The Strait of Hormuz has officially reopened.


During the ceasefire, Iran and Oman will jointly collect transit fees—$2 million per ship.
You read that right, $2 million.
The Strait of Hormuz is the world’s most important oil transportation route, with about 17 million barrels of crude oil passing through it every day.
During the closure of this strait, the global energy market was almost thrown into panic.
Now that it has reopened, oil prices, the geopolitical risk premium, and supply-chain pressures—all of these will quickly ease.
But what I want to say more than anything is this operation of a “$2 million transit fee.”
Iran and Oman, during the ceasefire, took over the toll collection rights to this golden waterway.
What does that mean?
Swap “collecting tolls” for “not fighting.” Iran doesn’t need to give up its nuclear program, and it doesn’t need to give up sanctions—just by reopening the strait, it can secure a two-week ceasefire and cash income.
Iran has this account calculated very clearly.

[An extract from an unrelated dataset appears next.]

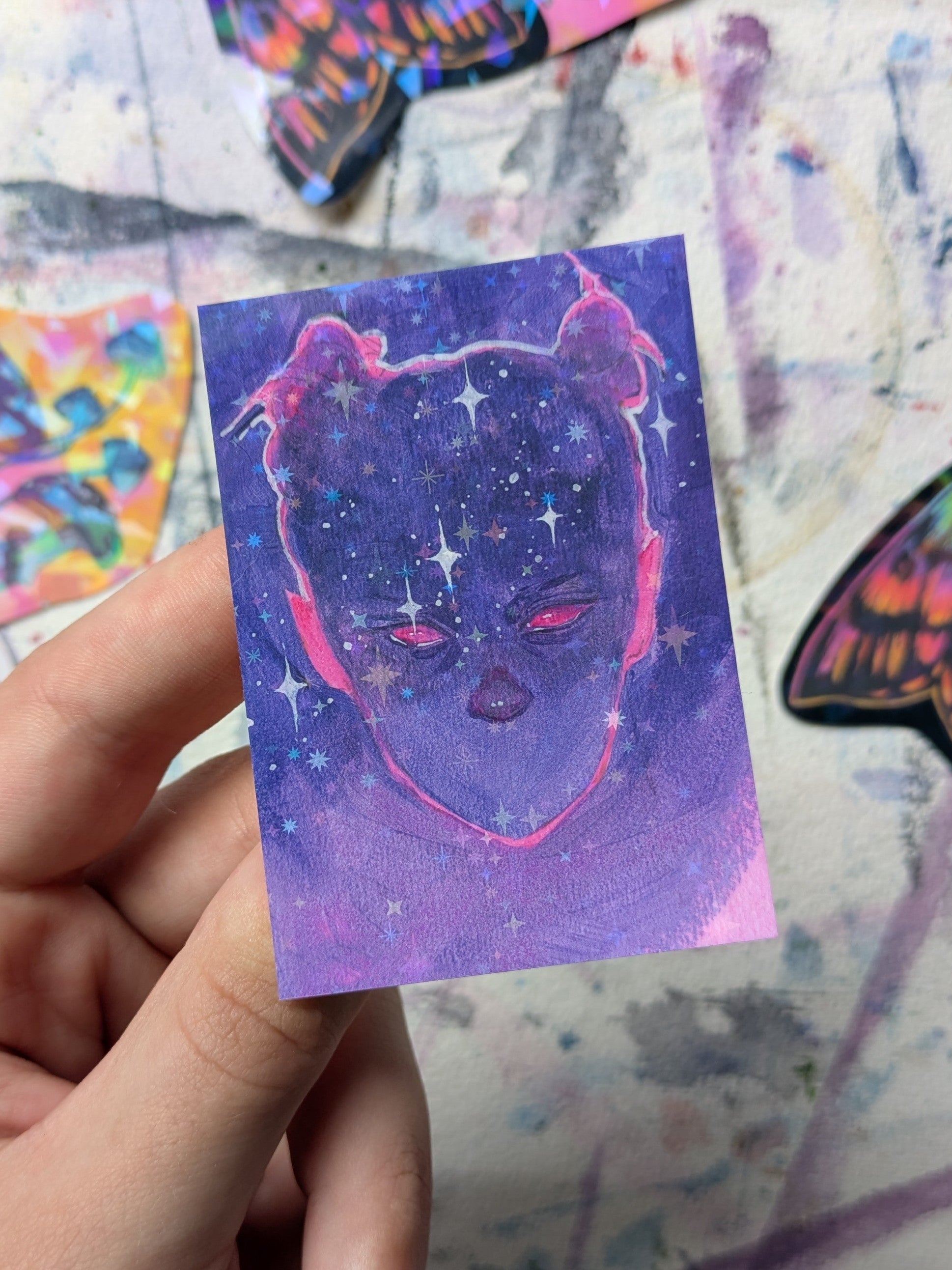 Based on my 'Star Girl' sketch - these are great to stick on laptops, water bottles, notebooks or anything else! This version is holographic and has a starry pattern.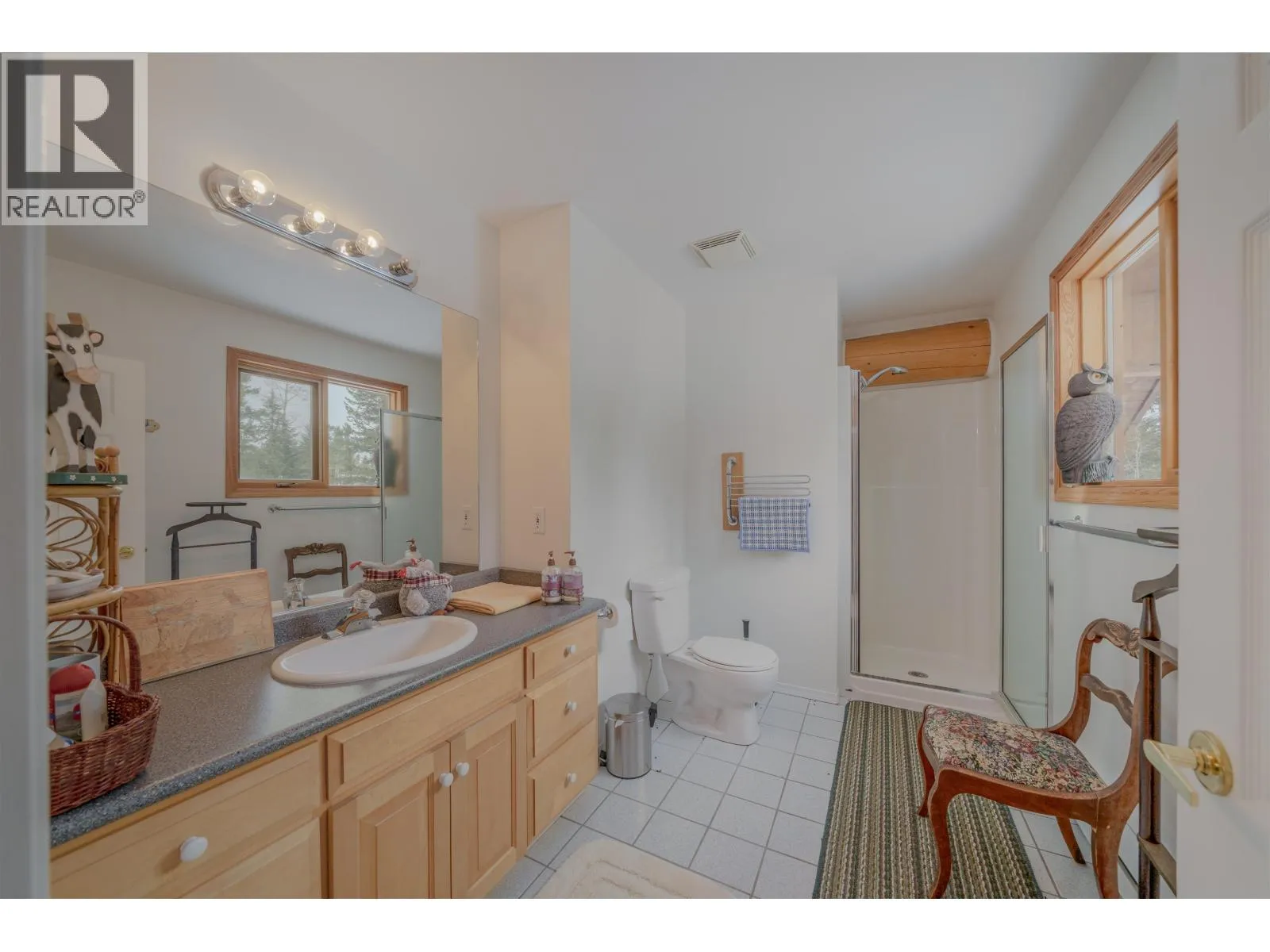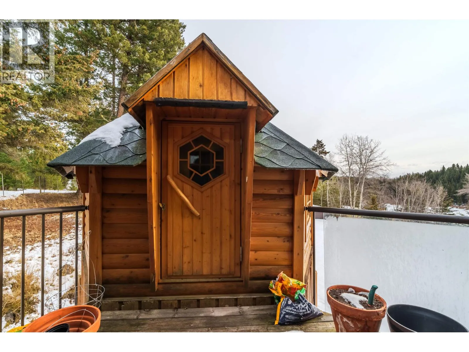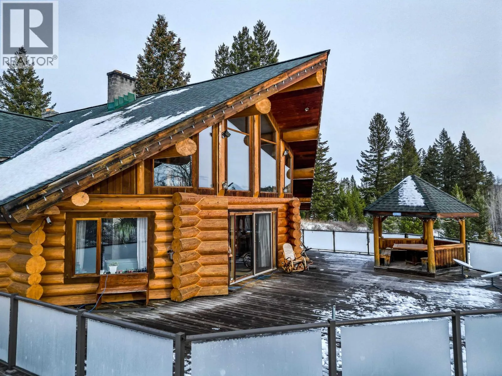Luxury 4,700 sq ft log home on 1.49 acres overlooking Hall Lake. Vaulted ceilings on the main level with large windows and patio doors out to expansive deck. 3 bedrooms with ensuite bathrooms. The primary suite has a walk-in closet, sauna & 6-piece bathroom. The upper level hosts a den, sitting area & 2 bedrooms with bathrooms that have their own hot water tank. Basement has an office with 2-pc bthrm, storage room, wood & utility rooms. The basement entry from the generous covered parking area opens into a large flex space as well as an alley kitchen and workshop. Outbuildings include a gazebo, 2-level European Smokehouse with garden shed, Sea Can and 2 coveralls for additional storage. The acreage is fenced and in a quiet area just minutes from 100 Mile House. Spacious family home or B&B. (id:27476)

What will happen after two weeks?
After the ceasefire expires, if the negotiations make no substantive progress, the strait could close again.
But at least for the next two weeks, global energy transport can breathe a sigh of relief.
In one sentence: the Strait of Hormuz has opened, but the price is $2 million per ship.
In this game, there are no real winners—only losers who lose less.